WHAT THE EXERCISE ASKS: Among the records below, find each line that includes the string "movement" and copy it.

INPUT RECORDS:
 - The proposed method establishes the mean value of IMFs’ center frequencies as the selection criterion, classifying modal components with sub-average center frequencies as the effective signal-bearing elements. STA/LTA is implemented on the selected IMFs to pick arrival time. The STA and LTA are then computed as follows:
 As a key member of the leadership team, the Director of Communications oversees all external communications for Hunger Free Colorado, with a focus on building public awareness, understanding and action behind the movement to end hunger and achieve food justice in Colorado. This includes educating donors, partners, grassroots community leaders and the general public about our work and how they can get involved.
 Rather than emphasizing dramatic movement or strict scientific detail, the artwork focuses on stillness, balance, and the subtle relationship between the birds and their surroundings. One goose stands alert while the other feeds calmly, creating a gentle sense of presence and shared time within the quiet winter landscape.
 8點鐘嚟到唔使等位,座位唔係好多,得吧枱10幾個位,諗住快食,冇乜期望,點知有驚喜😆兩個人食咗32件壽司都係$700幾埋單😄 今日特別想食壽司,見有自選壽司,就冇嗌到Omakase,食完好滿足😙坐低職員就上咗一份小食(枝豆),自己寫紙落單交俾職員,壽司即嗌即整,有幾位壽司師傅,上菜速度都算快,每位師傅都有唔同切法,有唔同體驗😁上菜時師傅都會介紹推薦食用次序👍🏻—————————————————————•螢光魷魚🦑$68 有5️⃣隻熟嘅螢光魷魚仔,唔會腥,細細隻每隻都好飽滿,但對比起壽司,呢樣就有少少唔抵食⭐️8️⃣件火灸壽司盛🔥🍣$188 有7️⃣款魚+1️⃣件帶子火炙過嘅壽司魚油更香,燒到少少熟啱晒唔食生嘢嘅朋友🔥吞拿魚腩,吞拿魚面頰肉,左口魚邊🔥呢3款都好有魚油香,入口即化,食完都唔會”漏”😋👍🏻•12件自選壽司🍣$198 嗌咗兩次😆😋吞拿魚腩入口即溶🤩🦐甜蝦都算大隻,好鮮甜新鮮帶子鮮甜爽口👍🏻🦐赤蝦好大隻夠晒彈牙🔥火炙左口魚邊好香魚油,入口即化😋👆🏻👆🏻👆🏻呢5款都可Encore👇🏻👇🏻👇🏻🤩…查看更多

* * *

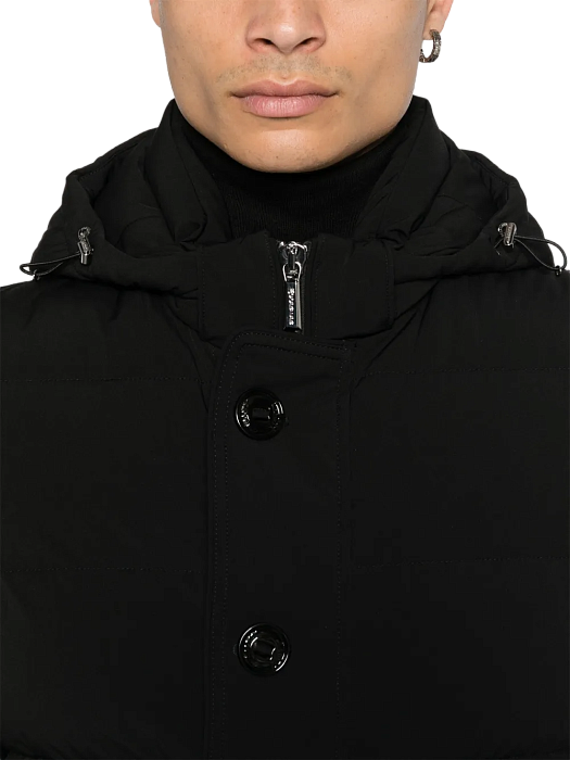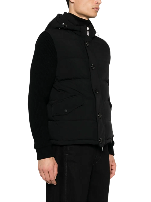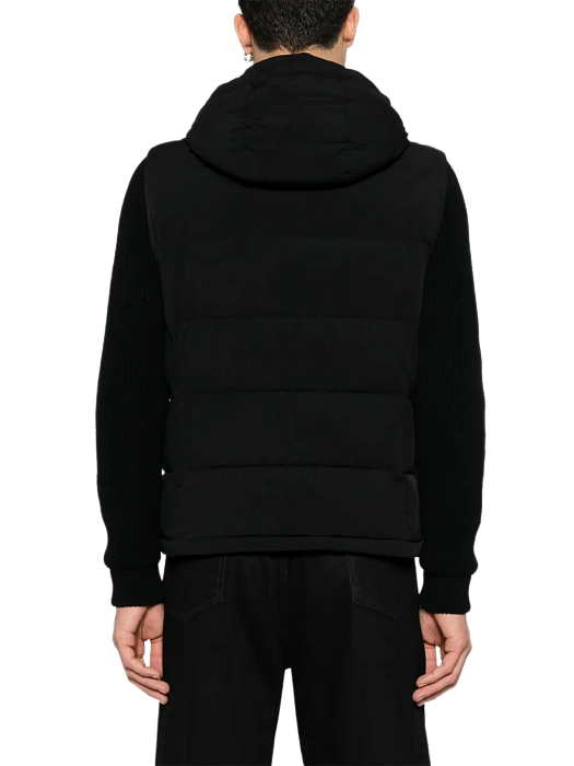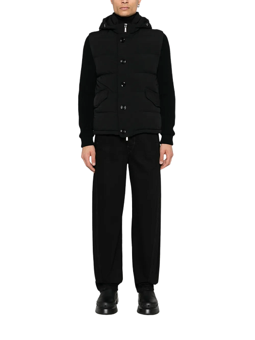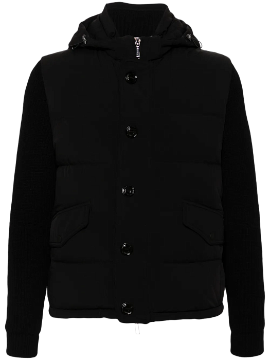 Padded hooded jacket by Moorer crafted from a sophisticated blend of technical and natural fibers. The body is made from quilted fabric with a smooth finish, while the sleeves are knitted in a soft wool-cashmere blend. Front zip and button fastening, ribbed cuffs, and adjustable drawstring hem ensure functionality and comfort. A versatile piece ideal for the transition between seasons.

EXERCISE OUTPUT:
 As a key member of the leadership team, the Director of Communications oversees all external communications for Hunger Free Colorado, with a focus on building public awareness, understanding and action behind the movement to end hunger and achieve food justice in Colorado. This includes educating donors, partners, grassroots community leaders and the general public about our work and how they can get involved.
 Rather than emphasizing dramatic movement or strict scientific detail, the artwork focuses on stillness, balance, and the subtle relationship between the birds and their surroundings. One goose stands alert while the other feeds calmly, creating a gentle sense of presence and shared time within the quiet winter landscape.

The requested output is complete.